EXERCISE DETAILS:
Write out the listing below exactly, and omit any images you find in it.

DATASET EXCERPT:

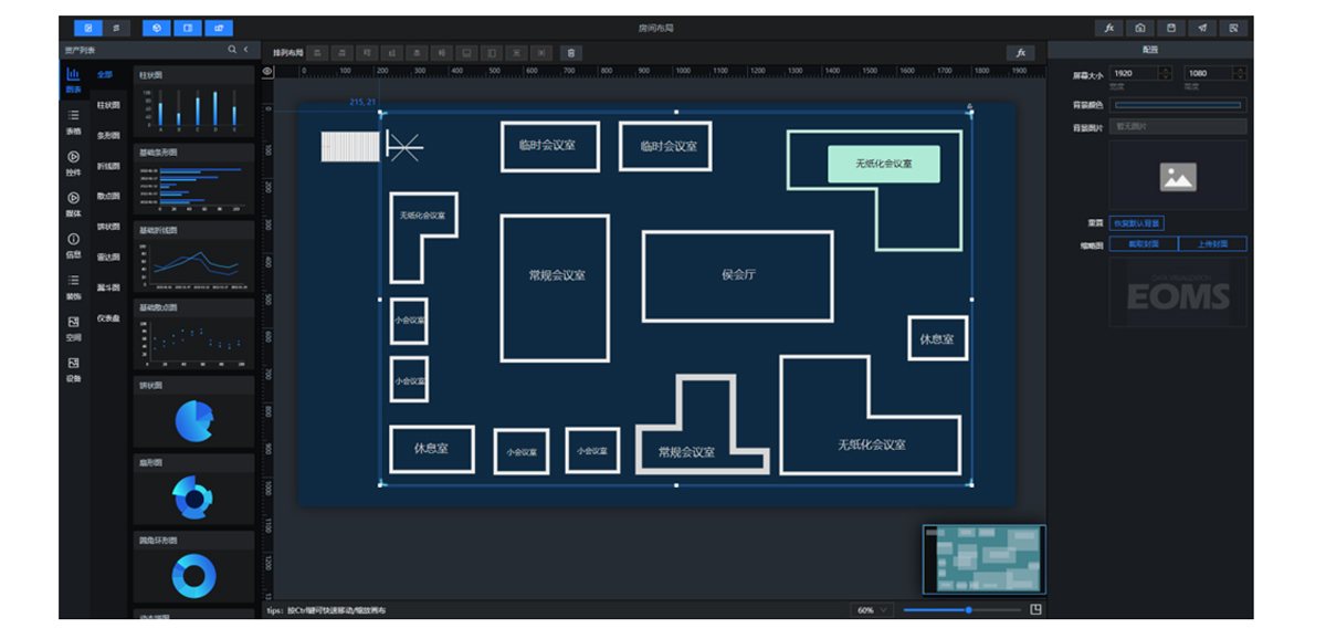 建成后的会议室能满足普通会议、多媒体会议、学术交流、文娱活动等不同使用功能要求。运用可视化手段呈现空间资源的分配和占用状态。通过感应器、业务系统进行数据交互,实时监测各类型空间的使用情况,在系统中可跨平台掌握各区域的当前状态。
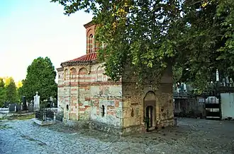 Elle s'inscrit dans un plan tréflé allongé, dans une variante en forme de croix[1] ; à l'extérieur, les branches de la croix prennent une forme pentagonale[2]. À l'intersection de ces branches se trouve une coupole reposant sur un tambour appuyé sur des colonnettes angulaires[1]. Horizontalement, les façades sont rythmées par un socle et par un cordon ainsi que par une corniche en briques ; sur les deux côtés, le ruban décoratif est surmonté par des arcades aveugles, tandis qu'au-dessus du soubassement, on peut voir des ouvertures, l'une en forme d'oculus, une fenêtre simple et une autre géminée[1]. L'église est bâtie avec des blocs de pierres en alternance avec trois couches de briques[1].
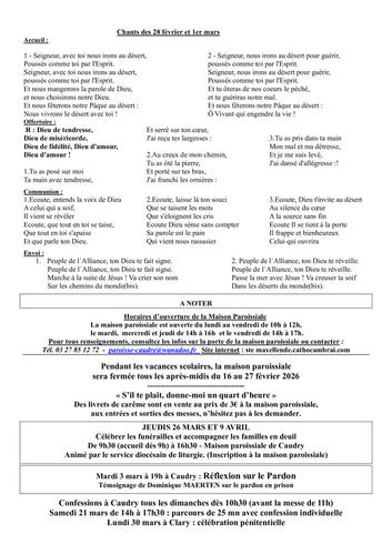 Article publié par response.text()) .then(text => { html = text showLoading = false; })" class="flex justify-center animate-grow-on-hover--small">Cathocambrai • Publié le Samedi 21 février 2026 - 17h29 • 8 visites 2608 annonces paroissiales du 21 fev au 1e mars 20 Télécharger 265.1 Ko Télécharger

FINISHED TASK:
 建成后的会议室能满足普通会议、多媒体会议、学术交流、文娱活动等不同使用功能要求。运用可视化手段呈现空间资源的分配和占用状态。通过感应器、业务系统进行数据交互,实时监测各类型空间的使用情况,在系统中可跨平台掌握各区域的当前状态。
 Elle s'inscrit dans un plan tréflé allongé, dans une variante en forme de croix[1] ; à l'extérieur, les branches de la croix prennent une forme pentagonale[2]. À l'intersection de ces branches se trouve une coupole reposant sur un tambour appuyé sur des colonnettes angulaires[1]. Horizontalement, les façades sont rythmées par un socle et par un cordon ainsi que par une corniche en briques ; sur les deux côtés, le ruban décoratif est surmonté par des arcades aveugles, tandis qu'au-dessus du soubassement, on peut voir des ouvertures, l'une en forme d'oculus, une fenêtre simple et une autre géminée[1]. L'église est bâtie avec des blocs de pierres en alternance avec trois couches de briques[1].
 Article publié par response.text()) .then(text => { html = text showLoading = false; })" class="flex justify-center animate-grow-on-hover--small">Cathocambrai • Publié le Samedi 21 février 2026 - 17h29 • 8 visites 2608 annonces paroissiales du 21 fev au 1e mars 20 Télécharger 265.1 Ko Télécharger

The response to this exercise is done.